Nella maggior parte degli esercizi commerciali aperti dai cinesi d’Italia negli ultimi dieci anni si impiegano i figli o parenti nati e cresciuti in Italia, o al massimo quelli di recente ricongiunti ai genitori: queste imprese raramente si rendono disponibili a stilare contratti di soggiorno con adulti neo-migranti. L’enclave socio-economica su base etnico-familiare cinese, che resta tuttora il principale datore di lavoro per i migranti cinesi nel nostro paese, va costantemente contraendo la propria capacità di assorbire lavoro. L’accesso a queste occupazioni è sempre più selettivo. Chi è emigrato dopo il 2005 fatica a inserirsi in modo soddisfacente, lavora sostanzialmente per ripagare i debiti contratti per emigrare, ma spesso non dispone di risorse sufficienti, in termini di capitale sociale, per garantirsi una mobilità sociale verso l’alto in tempi ragionevoli. Inoltre – commentano con un certo disappunto i migranti di più vecchia data – questi nuovi emigranti non sanno più “mangiare amaro” (chiku, 吃苦): non sono più capaci di sopportare i sacrifici, la compressione dei consumi e della vita sociale, la fatica fisica dei lunghissimi turni di lavoro che hanno reso possibile il successo di chi li ha preceduti. Cresciuti nella Cina del boom, si aspettano trasformazioni fulminanti e continue, hanno avuto vite più piene, ricche e gratificanti prima di emigrare. Insomma, non hanno “la stoffa giusta” e finiscono per gettare la spugna. I loro coetanei rimasti in Cina hanno spesso carriere più rapide delle loro, che perseguono assieme ai propri amici e parenti, nei contesti in cui sono cresciuti – o al massimo spostandosi di qualche centinaio di chilometri.
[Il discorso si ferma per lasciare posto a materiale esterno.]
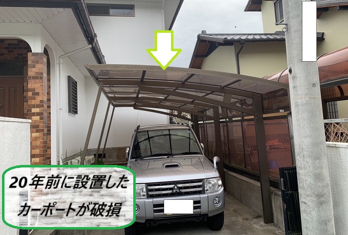 破損したと言われていたカーポートの屋根は、20年前に設置されたとのこと👂

Il tassista, la receptionist, il barbiere, il barista, la commessa che a Qingtian raccontano la propria decisione di tornare dopo meno di cinque o sei anni passati in Italia lo fanno senza amarezza. Ci hanno provato, ma sono ancora giovani. Hanno visto un po’ di mondo, ma sono contenti di essere tornati per tempo in un paese che sentono ancora in corsa, ancora capace di stupire il mondo e offrire loro una chance di realizzazione personale. Un paese che, a differenza di chi li ha preceduti, sono ancora in grado di sentire proprio, in cui si sentono a casa.3 Sottolineano che, in ogni caso, conservano i legami familiari con i parenti all’estero, da cui possono trarre vantaggio anche restando in Cina. Anzi, possono fare da snodo locale per imprese di import-export gestite da propri parenti in Italia, Spagna e Francia. Aprire loro – e ai prodotti europei che proprio gli imprenditori migranti iniziano a proporre con successo ai consumatori cinesi – le porte del mercato cinese. “Non hai visto i cartelli all’entrata del paese?”